A prover-verifier pipeline pairing GPT-5.5 Pro with Claude Opus 4.8 cracked open problems that stumped researchers for years, and the team says this is just the beginning.
A team of researchers just used a pair of competing large language models to solve nine open problems in theoretical computer science and mathematics. The approach, called an “LLM harness,” uses GPT-5.5 Pro as the solver and Claude Opus 4.8 as the verifier in a prover-verifier loop. The results were published around June 27-30, 2026.
Of the nine problems, four came from the Conference on Learning Theory (COLT) problem list, one from the Foundations of Computer Science (FOCS), and four from commutative algebra.
Omri Weinstein, a former NVIDIA researcher who highlighted the project on June 30, noted that one of the solved problems had been his personal open question for two years.
The research team was led by Binghui Peng from the University of Maryland, alongside Runzhou Tao, Steven Wang, and Hantao Yu. Peng brings a resume that includes stints at Columbia, Google, and Stanford.
How the prover-verifier loop works #
In the prover-verifier setup, GPT-5.5 Pro generates candidate proofs or solution approaches, then Claude Opus 4.8 evaluates them for correctness. When the verifier finds flaws, it sends feedback to the prover, which refines its approach. This cycle repeats until the verifier accepts the proof.
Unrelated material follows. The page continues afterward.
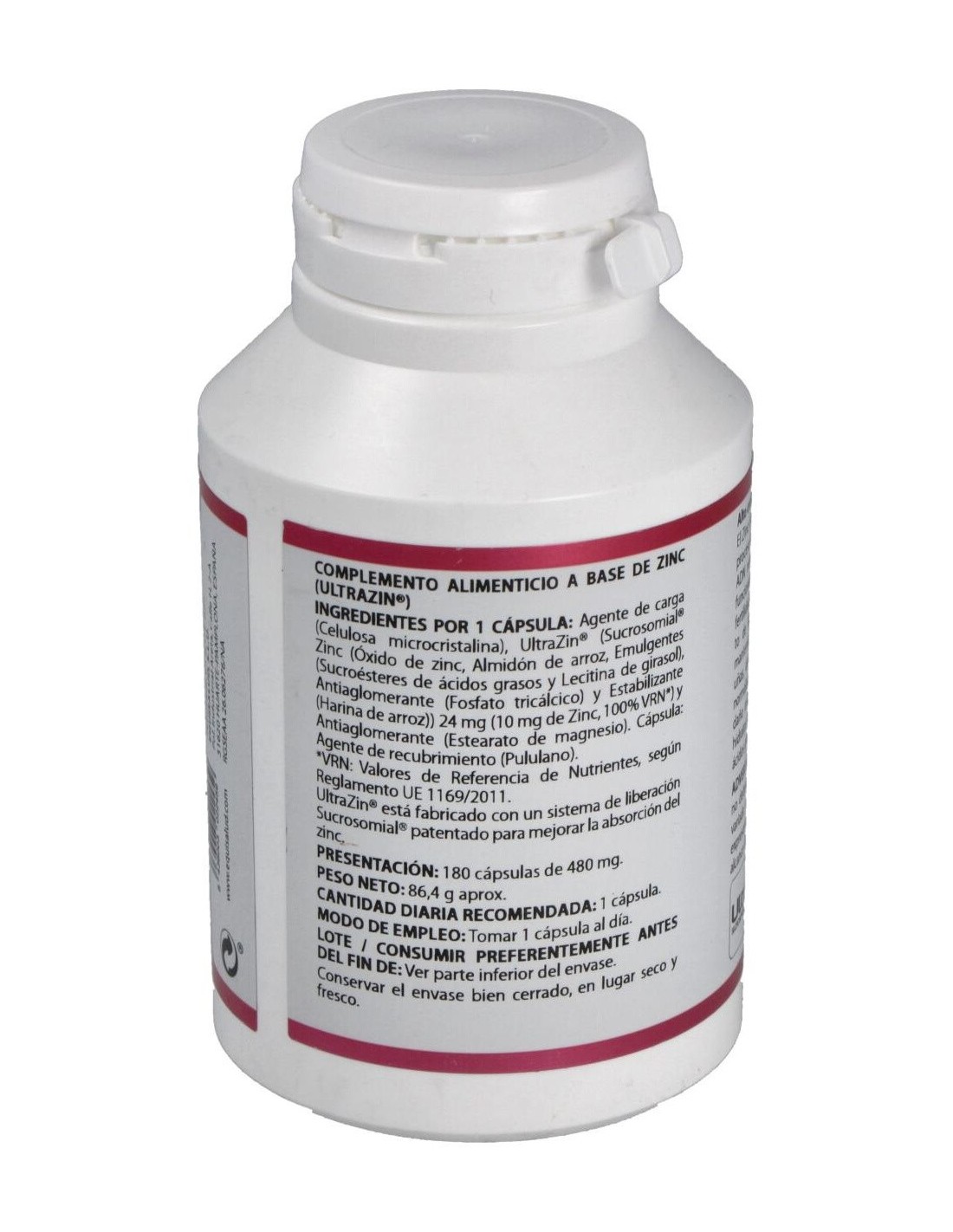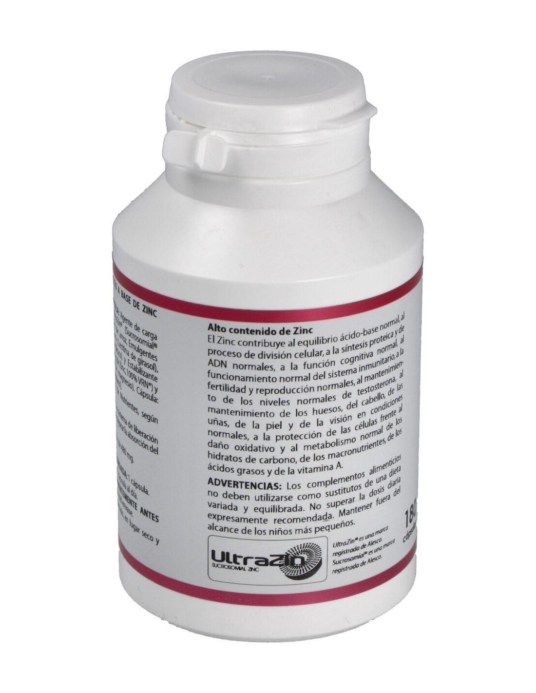 ULTRAZIN* (SUCROSOMIAL® ZINC, ZINC LIPOSOMADO, 42-52 % ZINC), 24 MG. EXCIPIENTE TECNOLÓGICO: CELULOSA MICROCRISTALINA (AGENTE DE CARGA), C.S. Y ESTEARATO DE MAGNESIO (ANTIAGLOMERANTE), C.S. ENVOLTURA: POLISACÁRIDO DE ORIGEN VEGETAL (PULULANO).

This builds on a foundation that OpenAI laid back in July 2024, when the company published a paper on “prover-verifier games” that focused on making LLM outputs more legible and verifiable. By December 2025, the approach had matured enough that GPT-5.2 Pro was already tackling a complex challenge in statistical learning theory. The jump from one problem to nine, across multiple mathematical domains, represents a meaningful scaling of the method’s ambitions.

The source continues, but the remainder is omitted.